This is an open data project in the AMSE/SAKI module for FAU in Data Engineering. This repository contains a data science project developed by the student over the course of the semester, and (b) the exercises submitted over the course of the semester.
The following files are included in this project
-
data.sqlite
: The final, cleaned dataset. -
exploration.ipynb
: A Jupyter notebook you can use to explore your data and show how it looks in detail. You can refer to this file in your report for users who want more information about your data. -
report.ipynb
: Your final report as a Jupyter notebook. This is the result of your project work and should start with a question you want to answer using open data. The content of the report should answer the question, ideally using appropriate visualizations, based on the data indata.sqlite
. -
Project folder:
needed.txt
: A text file to get the requirements for the test.testing.py
: The test file that tests the pipeline and codepaths of sql databases.testing.sh
: A shell script to run the test file.project-plan.md
: The organization file for the project.- gitignore: Prevents `.sql' files from being uploaded online to github, to avoid memory shortage.
-
Data folder:
AutomatedDataPipeline.py
: Automated data pipeline to retrieve the data.tablefilter.py
: Filters relevant data.
-First, an automated data pipeline AutomatedDataPipeline.py
downloads the relevant data from the internet.

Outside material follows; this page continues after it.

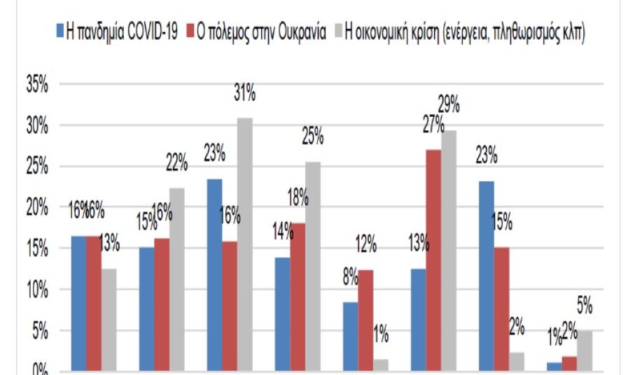 Τα πιο έντονα συναισθήματα πλέον προκαλούνται από την οικονομική κρίση στα νοικοκυριά λόγω της ενεργειακής κρίσης και των ανατιμήσεων. Το 31% δηλώνει ότι νιώθει άγχος, το 29% θυμό, το 25% φόβο και το 23% ανασφάλεια, ενώ ένα ποσοστό 5% δηλώνει ακόμα και πανικό. Μόλις 2% δηλώνει αδιάφορο. Τα ποσοστά αυτά είναι σαφώς υψηλότερα από τα άλλα δύο βασικά θέματα της επικαιρότητας. Το κοινό καταλαμβάνεται από συναισθήματα θυμού 27% και φόβου 19% για τον πόλεμο στην Ουκρανία, μειωμένα σε σχέση με τη μέτρηση του Απρίλιου 2022 (30% και 26% αντίστοιχα). Τα ποσοστά για την πανδημία COVID-19 είναι σαφώς χαμηλότερα, αλλά υπαρκτά με 13% και 23% αντίστοιχα, με το άγχος να αυξάνεται σε σχέση με το 19% της μέτρησης του Απριλίου. Αξιοσημείωτο είναι ότι τα ποσοστά αδιαφορίας και για τα δύο θέματα έχουν αυξηθεί σημαντικά, στο 15% για τον πόλεμο στην Ουκρανία και στο 23% για την πανδημία COVID-19.

-The second part is to filter the datatables with tablefilter.py
, which deletes redundant data. The tables are reduced to the summary of the year and the rows are inverted so that the datasets match.
-Finally, the data is stored in data.sqlite
for exploration and the report.
- These files are automatically activated in the report.
Github actions are enabled to test the pipeline on every push. This ensures that the data is downloaded correctly.
github/workflows' folder:
continuous_integration.yml
: Launches the Github pipeline action test.
exercise-feedback.yml
: Enables grading for the exercises.
The exercises folder in the repository contains the results of the exercises that were completed throughout the semester. Exercises one, three, and five are completed in Jayvee, while exercises two and four are completed in Python. Github actions are used to test and grade the exercises.